In your copy, include every line of the listing below exactly but none of the pictures.

* Raw data:

↓

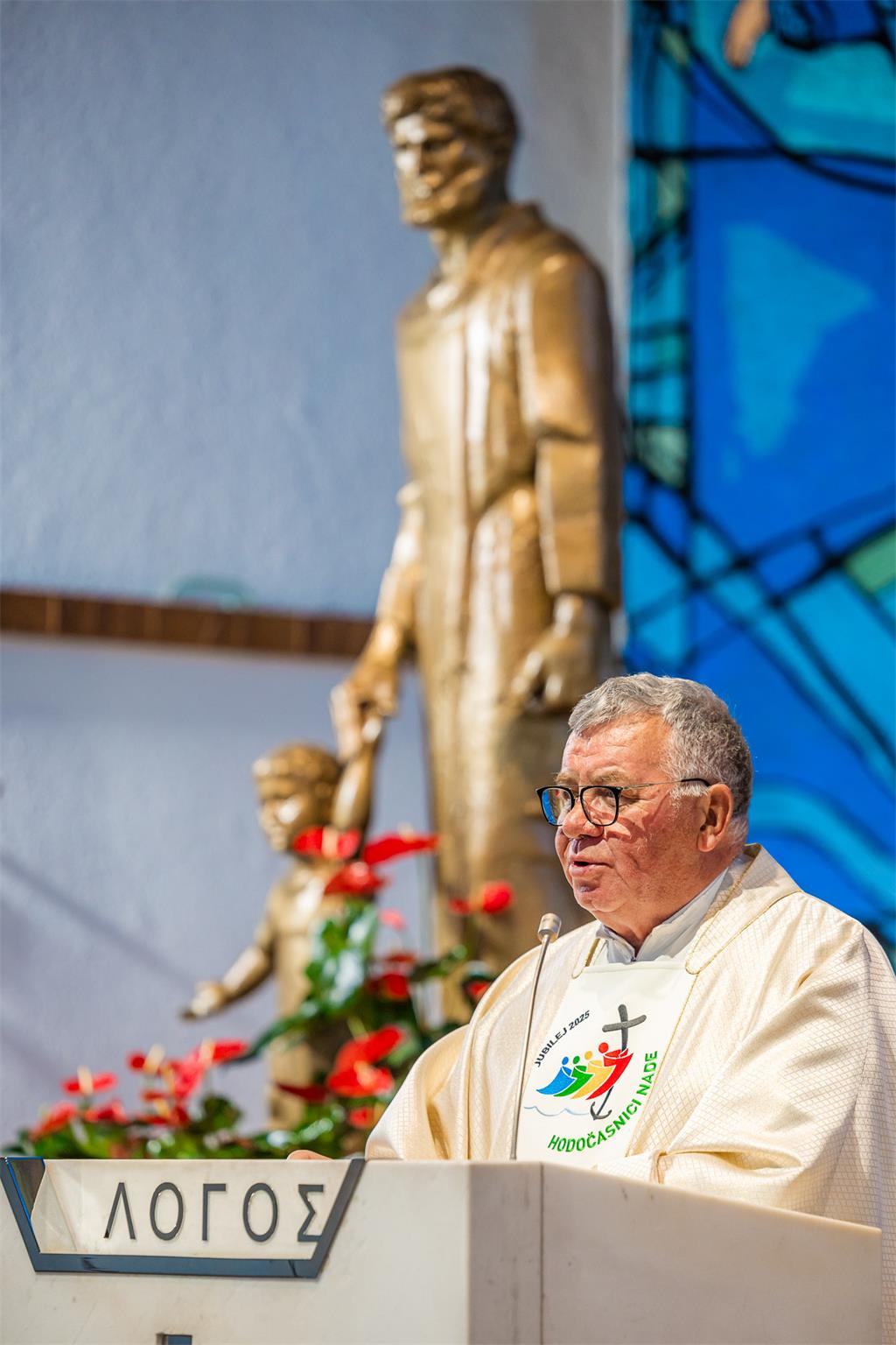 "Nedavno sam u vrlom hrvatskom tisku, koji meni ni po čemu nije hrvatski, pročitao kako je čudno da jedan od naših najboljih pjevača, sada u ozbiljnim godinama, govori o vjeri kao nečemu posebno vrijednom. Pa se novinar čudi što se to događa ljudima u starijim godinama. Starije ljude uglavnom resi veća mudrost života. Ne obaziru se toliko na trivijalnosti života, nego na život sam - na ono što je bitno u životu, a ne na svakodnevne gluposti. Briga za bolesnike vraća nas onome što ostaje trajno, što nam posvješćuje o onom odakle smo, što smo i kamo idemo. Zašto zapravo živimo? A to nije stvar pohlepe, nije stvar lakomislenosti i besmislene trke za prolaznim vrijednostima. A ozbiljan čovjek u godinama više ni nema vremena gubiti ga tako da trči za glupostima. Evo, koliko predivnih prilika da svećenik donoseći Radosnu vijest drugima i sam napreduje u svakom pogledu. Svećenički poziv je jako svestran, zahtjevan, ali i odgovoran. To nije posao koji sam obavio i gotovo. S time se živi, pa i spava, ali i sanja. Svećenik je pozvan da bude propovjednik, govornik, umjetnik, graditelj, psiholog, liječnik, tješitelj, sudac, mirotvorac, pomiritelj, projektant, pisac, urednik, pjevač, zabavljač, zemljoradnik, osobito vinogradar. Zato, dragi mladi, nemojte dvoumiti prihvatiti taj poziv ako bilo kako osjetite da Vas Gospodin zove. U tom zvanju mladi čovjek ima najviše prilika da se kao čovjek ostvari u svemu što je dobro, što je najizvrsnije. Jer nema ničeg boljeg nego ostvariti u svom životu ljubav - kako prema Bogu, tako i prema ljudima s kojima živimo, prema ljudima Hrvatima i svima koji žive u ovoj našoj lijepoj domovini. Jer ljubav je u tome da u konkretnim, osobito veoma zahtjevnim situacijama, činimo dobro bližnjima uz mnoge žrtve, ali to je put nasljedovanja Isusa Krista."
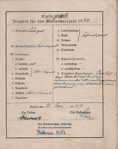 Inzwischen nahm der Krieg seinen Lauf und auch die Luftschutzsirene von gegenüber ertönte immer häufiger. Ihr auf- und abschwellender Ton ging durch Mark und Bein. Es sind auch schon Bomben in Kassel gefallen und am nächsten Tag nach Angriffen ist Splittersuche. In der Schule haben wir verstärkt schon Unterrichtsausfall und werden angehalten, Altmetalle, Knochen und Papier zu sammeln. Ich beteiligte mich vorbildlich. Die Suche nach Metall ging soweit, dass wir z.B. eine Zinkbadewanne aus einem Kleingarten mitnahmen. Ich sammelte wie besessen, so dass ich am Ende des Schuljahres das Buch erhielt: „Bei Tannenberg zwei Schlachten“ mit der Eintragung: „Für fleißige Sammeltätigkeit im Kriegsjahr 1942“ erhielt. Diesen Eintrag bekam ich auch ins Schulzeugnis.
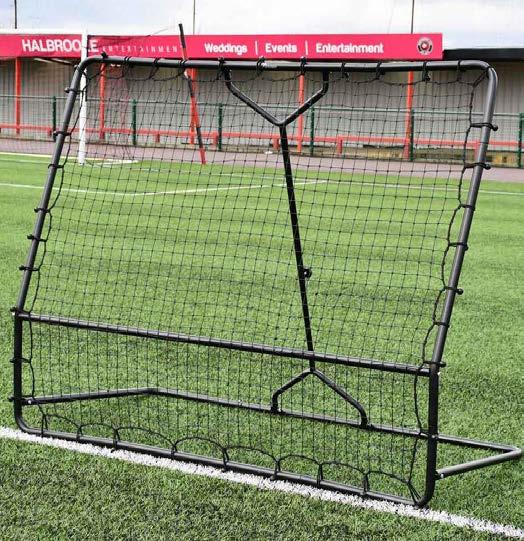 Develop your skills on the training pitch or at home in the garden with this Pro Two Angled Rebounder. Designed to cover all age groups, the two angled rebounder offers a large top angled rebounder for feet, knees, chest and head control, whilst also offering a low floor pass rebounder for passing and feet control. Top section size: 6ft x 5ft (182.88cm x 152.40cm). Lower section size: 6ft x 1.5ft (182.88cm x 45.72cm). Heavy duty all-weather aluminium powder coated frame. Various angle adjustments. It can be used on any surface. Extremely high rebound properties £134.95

↑

* Solution to this exercise:
 "Nedavno sam u vrlom hrvatskom tisku, koji meni ni po čemu nije hrvatski, pročitao kako je čudno da jedan od naših najboljih pjevača, sada u ozbiljnim godinama, govori o vjeri kao nečemu posebno vrijednom. Pa se novinar čudi što se to događa ljudima u starijim godinama. Starije ljude uglavnom resi veća mudrost života. Ne obaziru se toliko na trivijalnosti života, nego na život sam - na ono što je bitno u životu, a ne na svakodnevne gluposti. Briga za bolesnike vraća nas onome što ostaje trajno, što nam posvješćuje o onom odakle smo, što smo i kamo idemo. Zašto zapravo živimo? A to nije stvar pohlepe, nije stvar lakomislenosti i besmislene trke za prolaznim vrijednostima. A ozbiljan čovjek u godinama više ni nema vremena gubiti ga tako da trči za glupostima. Evo, koliko predivnih prilika da svećenik donoseći Radosnu vijest drugima i sam napreduje u svakom pogledu. Svećenički poziv je jako svestran, zahtjevan, ali i odgovoran. To nije posao koji sam obavio i gotovo. S time se živi, pa i spava, ali i sanja. Svećenik je pozvan da bude propovjednik, govornik, umjetnik, graditelj, psiholog, liječnik, tješitelj, sudac, mirotvorac, pomiritelj, projektant, pisac, urednik, pjevač, zabavljač, zemljoradnik, osobito vinogradar. Zato, dragi mladi, nemojte dvoumiti prihvatiti taj poziv ako bilo kako osjetite da Vas Gospodin zove. U tom zvanju mladi čovjek ima najviše prilika da se kao čovjek ostvari u svemu što je dobro, što je najizvrsnije. Jer nema ničeg boljeg nego ostvariti u svom životu ljubav - kako prema Bogu, tako i prema ljudima s kojima živimo, prema ljudima Hrvatima i svima koji žive u ovoj našoj lijepoj domovini. Jer ljubav je u tome da u konkretnim, osobito veoma zahtjevnim situacijama, činimo dobro bližnjima uz mnoge žrtve, ali to je put nasljedovanja Isusa Krista."
 Inzwischen nahm der Krieg seinen Lauf und auch die Luftschutzsirene von gegenüber ertönte immer häufiger. Ihr auf- und abschwellender Ton ging durch Mark und Bein. Es sind auch schon Bomben in Kassel gefallen und am nächsten Tag nach Angriffen ist Splittersuche. In der Schule haben wir verstärkt schon Unterrichtsausfall und werden angehalten, Altmetalle, Knochen und Papier zu sammeln. Ich beteiligte mich vorbildlich. Die Suche nach Metall ging soweit, dass wir z.B. eine Zinkbadewanne aus einem Kleingarten mitnahmen. Ich sammelte wie besessen, so dass ich am Ende des Schuljahres das Buch erhielt: „Bei Tannenberg zwei Schlachten“ mit der Eintragung: „Für fleißige Sammeltätigkeit im Kriegsjahr 1942“ erhielt. Diesen Eintrag bekam ich auch ins Schulzeugnis.
 Develop your skills on the training pitch or at home in the garden with this Pro Two Angled Rebounder. Designed to cover all age groups, the two angled rebounder offers a large top angled rebounder for feet, knees, chest and head control, whilst also offering a low floor pass rebounder for passing and feet control. Top section size: 6ft x 5ft (182.88cm x 152.40cm). Lower section size: 6ft x 1.5ft (182.88cm x 45.72cm). Heavy duty all-weather aluminium powder coated frame. Various angle adjustments. It can be used on any surface. Extremely high rebound properties £134.95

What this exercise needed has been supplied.